(Your objective): Find each line in the records below that contains the word "kostenlos", and copy it out.

(Exercise materials):
========================================

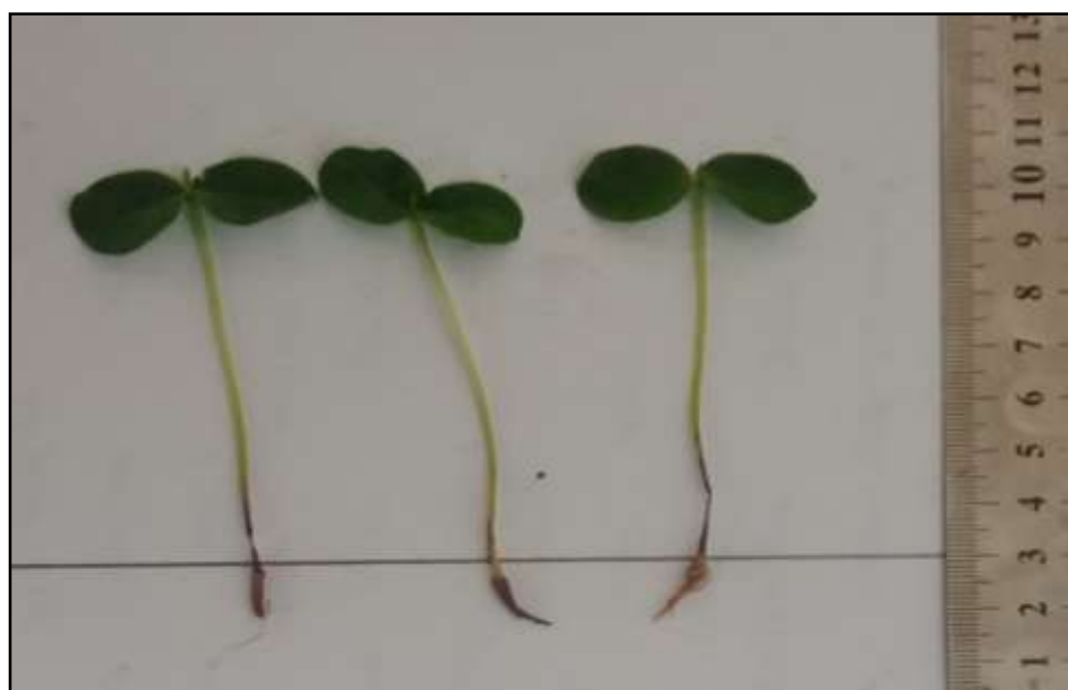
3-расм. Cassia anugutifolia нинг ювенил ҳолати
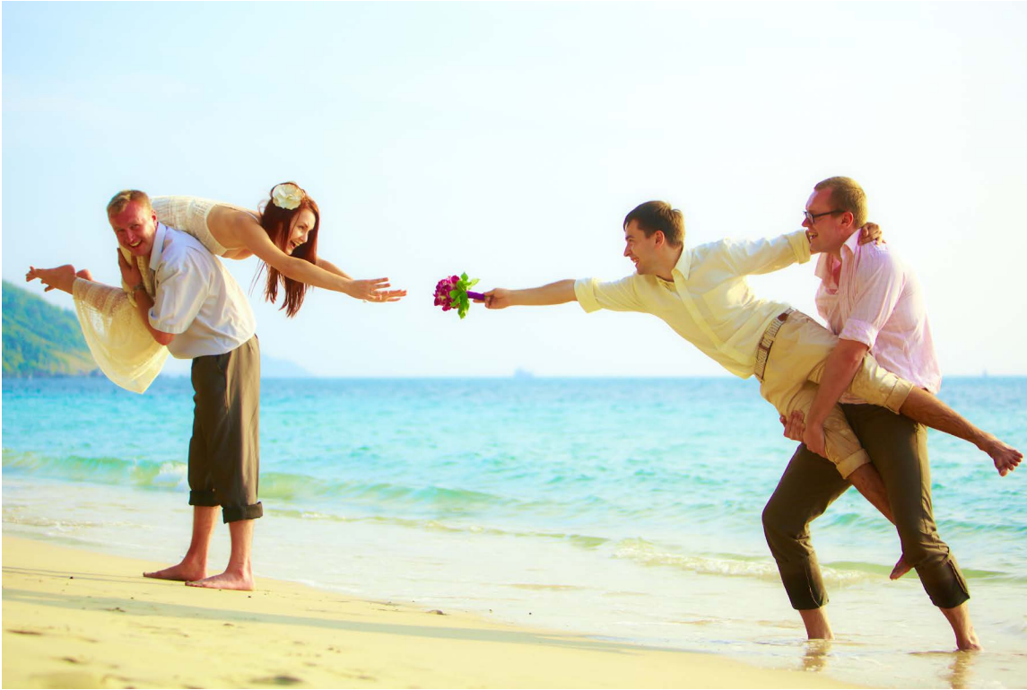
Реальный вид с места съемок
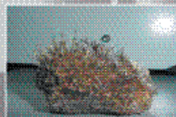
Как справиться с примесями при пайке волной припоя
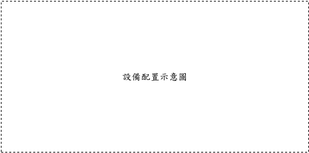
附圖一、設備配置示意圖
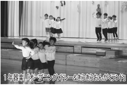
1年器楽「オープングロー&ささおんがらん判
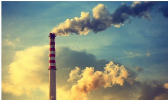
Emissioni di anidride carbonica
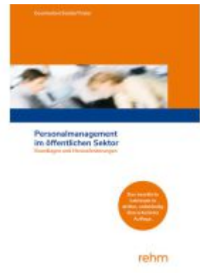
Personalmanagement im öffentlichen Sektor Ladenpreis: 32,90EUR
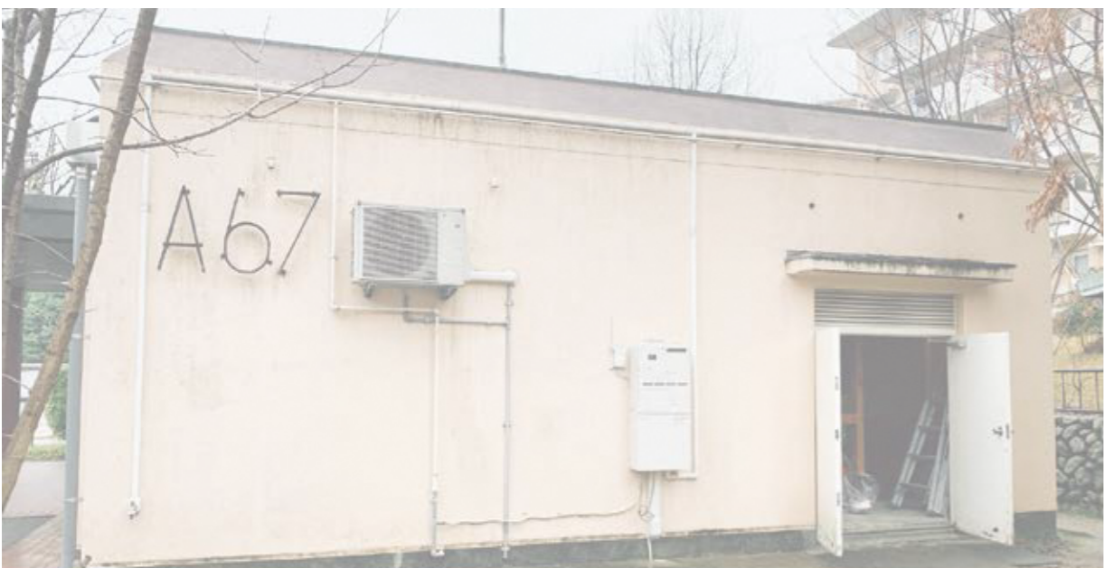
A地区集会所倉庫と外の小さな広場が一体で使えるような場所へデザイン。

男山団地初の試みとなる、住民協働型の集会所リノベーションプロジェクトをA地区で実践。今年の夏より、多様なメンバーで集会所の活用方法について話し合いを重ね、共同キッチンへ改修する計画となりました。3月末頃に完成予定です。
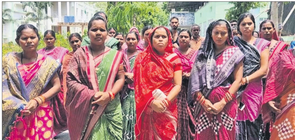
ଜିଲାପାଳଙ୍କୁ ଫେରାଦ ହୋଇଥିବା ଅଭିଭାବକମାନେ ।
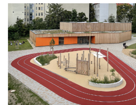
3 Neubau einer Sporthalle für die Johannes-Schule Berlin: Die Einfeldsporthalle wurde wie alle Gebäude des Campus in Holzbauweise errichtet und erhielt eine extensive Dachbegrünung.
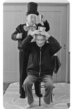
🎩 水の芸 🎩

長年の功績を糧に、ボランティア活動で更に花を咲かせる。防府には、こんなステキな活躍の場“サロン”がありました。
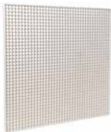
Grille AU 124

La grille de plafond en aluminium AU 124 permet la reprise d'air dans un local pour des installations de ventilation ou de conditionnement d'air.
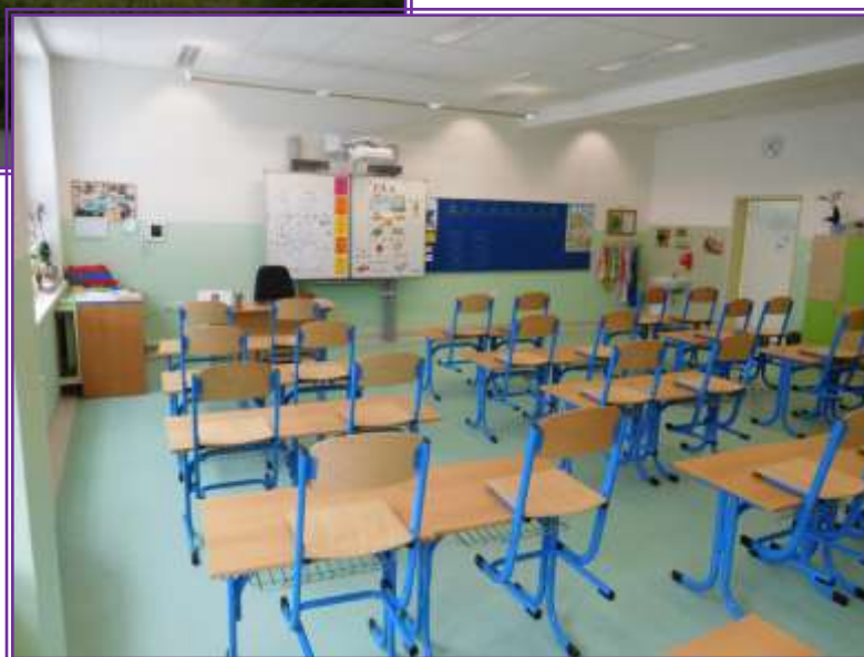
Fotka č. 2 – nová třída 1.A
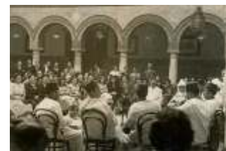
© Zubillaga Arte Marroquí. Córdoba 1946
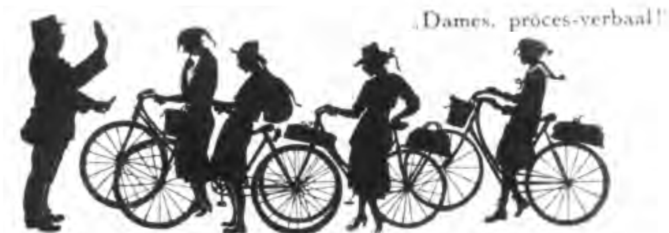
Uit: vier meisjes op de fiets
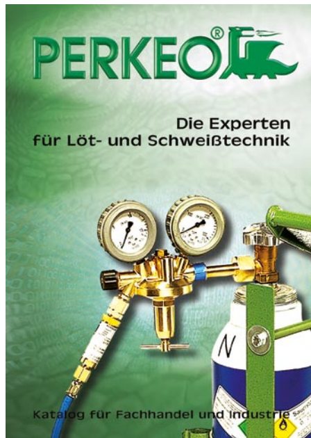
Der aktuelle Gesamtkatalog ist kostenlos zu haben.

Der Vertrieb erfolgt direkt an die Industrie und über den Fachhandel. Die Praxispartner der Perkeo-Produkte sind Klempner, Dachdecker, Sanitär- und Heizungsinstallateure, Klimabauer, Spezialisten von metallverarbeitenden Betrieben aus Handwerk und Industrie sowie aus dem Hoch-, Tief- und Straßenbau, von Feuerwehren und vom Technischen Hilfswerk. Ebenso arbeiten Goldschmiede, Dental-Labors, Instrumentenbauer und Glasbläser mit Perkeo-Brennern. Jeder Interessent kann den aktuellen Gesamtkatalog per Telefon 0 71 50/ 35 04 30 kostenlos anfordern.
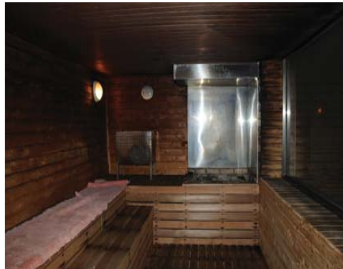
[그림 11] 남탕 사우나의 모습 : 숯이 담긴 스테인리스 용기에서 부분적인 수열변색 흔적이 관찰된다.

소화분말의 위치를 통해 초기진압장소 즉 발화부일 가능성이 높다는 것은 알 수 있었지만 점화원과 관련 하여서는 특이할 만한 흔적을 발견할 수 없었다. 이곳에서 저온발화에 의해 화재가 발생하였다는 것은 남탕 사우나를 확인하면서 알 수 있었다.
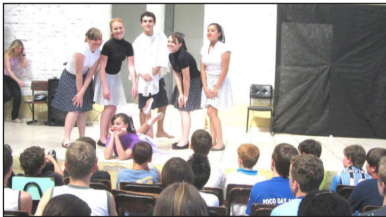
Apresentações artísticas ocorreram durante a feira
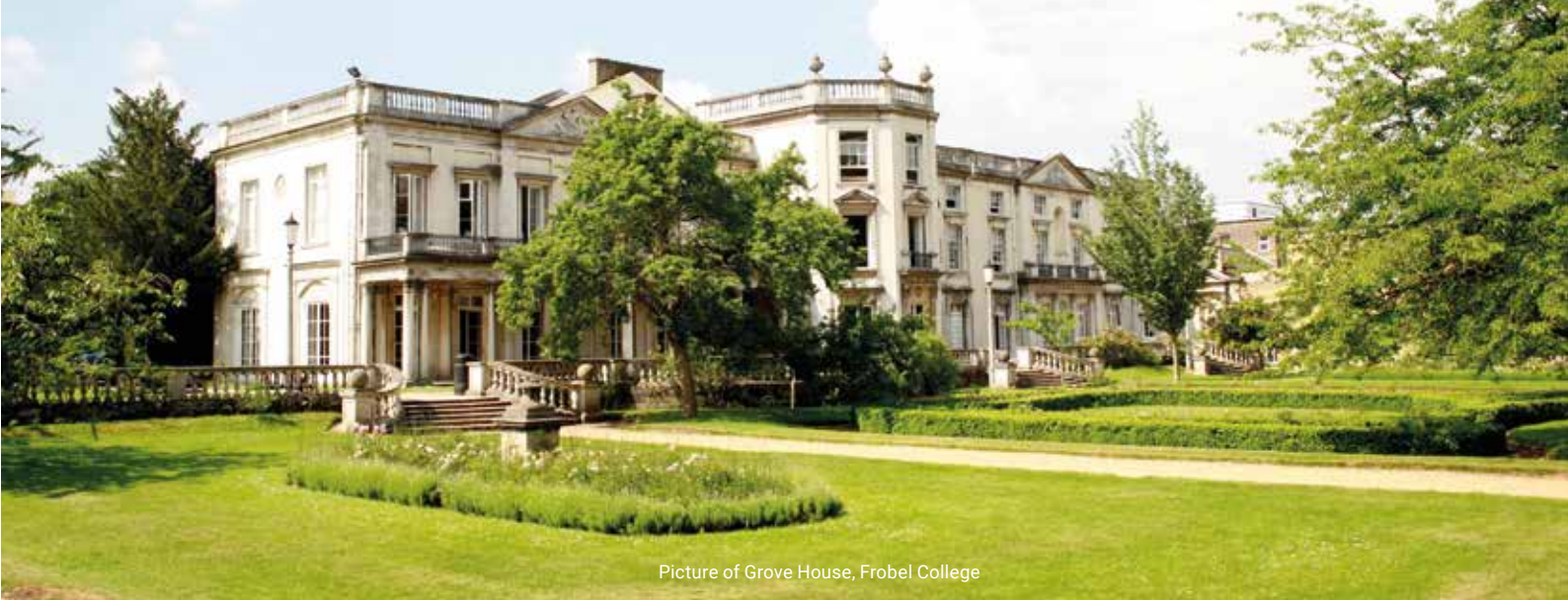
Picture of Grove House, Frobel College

========================================

(Your solution):
Der aktuelle Gesamtkatalog ist kostenlos zu haben.
Der Vertrieb erfolgt direkt an die Industrie und über den Fachhandel. Die Praxispartner der Perkeo-Produkte sind Klempner, Dachdecker, Sanitär- und Heizungsinstallateure, Klimabauer, Spezialisten von metallverarbeitenden Betrieben aus Handwerk und Industrie sowie aus dem Hoch-, Tief- und Straßenbau, von Feuerwehren und vom Technischen Hilfswerk. Ebenso arbeiten Goldschmiede, Dental-Labors, Instrumentenbauer und Glasbläser mit Perkeo-Brennern. Jeder Interessent kann den aktuellen Gesamtkatalog per Telefon 0 71 50/ 35 04 30 kostenlos anfordern.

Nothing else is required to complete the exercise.